There are multiple ways to go about this, but one common strategy is to segment your campaigns by subsets of products, and use negative keywords in your campaigns to “sculpt” or “funnel” desired searches into the campaigns with your desired subset of items.

There are more advanced strategies as well to further isolate searches and pair them with products, but the execution is a bit more detailed and requires expert account management and technology layers such as javascript.

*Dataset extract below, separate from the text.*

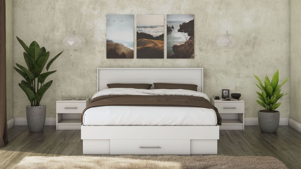 Alcătuit din 4 piese esențiale pentru un dormitor, mai exact 1 pat + 2 noptiere+ saltea, setul Beta oferă funcționalitate și un design deosebit, la preț accesibil. Cu o dimensiune de160x200 cm, patul este realizat din materiale rezistente și atent selecționate, astfel încât să te poți bucura din plin de confort și de momentele de relaxare. Patul conține și o ladă spațioasă, cu o lățime de 83 cm, ideală pentru depozitarea păturilor, fețelor de pernă sau cearșafurilor de pat. Noptierele cu design modern includ 2 spații pentru depozitare: unul deschis, potrivit pentru amenajarea unei mini-biblioteci(pentru iubitorii de cărți) și un spațiu închis, potrivit pentru stocarea micilor obiecte pe care dorești să le ai mereu la îndemână. Salteaua are 2 fețe și oferă echilibrul perfect între confortul și sprijinul necesar, menținând alinierea naturală a coloanei vertebrale și postura corectă a corpului, îmbunătățind semnificativ calitatea somnului. Albul nu are vârstă și reprezintă alegerea potrivită pentru amenajările moderne. Mobilierul alb creează contraste și umbre interesante, astfel că accentuează senzația de liniște și starea de confort. Laterale pat + Suport saltea = PAL cu grosimea de 18 mm. Dimensiuni pat: înălțime tăblie: 92 cm Înălțime: 34 cm Lungime: 204 cm Lățime: 164 cm Lățime sertar: 83 cm Adâncime sertar: 53 cm Dimensiuni noptieră : lățime 45 cm, înălțime 44 cm, adâncime 42 cm. Saltea Mrs Sleep cu arcuri, Dimensiuni: Înălțime: 17 cm; Lungime: 200 cm; Lățime: 160 cm Material exterior față: damasc Arcuri tip pocket 15 cm, grosime arc 2 mm, 242 arcuri / mp Informații utile: Pentru un transport sigur, produsul va fi livrat în pachete, neasamblat; Vine la pachet cu instrucțiuni și toate elementele necesare pentru finalizarea montajului; Salteaua este inclusă în preț; Dimensiuni saltea : 160×200 cm; Produsul conține suport pentru saltea.

Q. How should one budget for retail advertising?

A. That’s quite a broad question. It depends on various factors and I’m not sure I can accurately answer it for you without having more information on your particular e-commerce site, product(s) and industry vertical.

In general terms, I can tell you that you should allocate your budget proportionally to the channels and campaign types that tend to drive the best quality traffic and highest converting traffic.

We tend to see that from Google Shopping and Amazon.

Q. I am selling on Amazon for my brand. What other Marketplaces should I be on?

A. Some of the other major marketplaces are walmart.com, target.com, sears.com, rakuten.com, and several others. Of course you must first obtain supplier status from these major retailers in order to send a feed to their site.

Q. What is the best tool to show clients the effects and ROI of the shopping funnel?

A. Google Analytics multi-channel funnel reports & path reports are the best way to analyze and report on different campaign and channel mixes in relation to the customer journey / purchase funnel.

Q. You don’t think shoppers go directly from pre-shopping on Google to pre-purchase on Google?

A. Yes, some certainly do. Many shoppers utilize Google for their entire shopping journey, while others utilize only Amazon, others only walmart.com, etc. It surely varies and depends on many factors.

Q. You mentioned that the pre-shopping query can be expensive. If you are a small company with a limited budget is it best to look at advertising at different points of shopper journey?

A. That is a wise strategy. If your budget is limited, it’s almost always best to focus on mid-funnel and late-funnels searches.

However, even with limited budgets, there are ways to test upper funnel query buying in a limited, controlled fashion with the aim of gathering results to predict the viability of such campaigns.

Q. What would you say is more powerful to pulling customers to my website and Amazon listings, Facebook or Google ads?

A. I think it depends on the vertical for sure, but if I had to generalize here I would say that Google is a more powerful tool for new customer acquisition while Facebook is the more powerful tool for customized retargeting and long-term audience building models. I advocate usage of a combination of the two.

Q. Is there a way to retarget shoppers who abandoned their cart on my ecommerce site?

A. There are many platforms available for retargeting visitors to your e-commerce site across the web, on facebook, YouTube, and on apps and other digital inventory. Specifically retargeting cart abandoners can be done through virtually all the major retargeting platforms (Google AdWords, Facebook, AdRoll, Criteo).

I believe this question was asked in reference to retargeting your site visitors specifically on major retail sites and marketplaces (like Amazon, Walmart, Target, BestBuy, etc.).

I do not believe that is precisely possible, however tools like Amazon Marketing Services (specifically sponsored products and Product Display Ads) can be configured in a way that accomplishes the same type of behavioral targeting.

I also believe that HookLogic’s platform has tools that allow you to perform similar behavioral targeting on other major retail sites.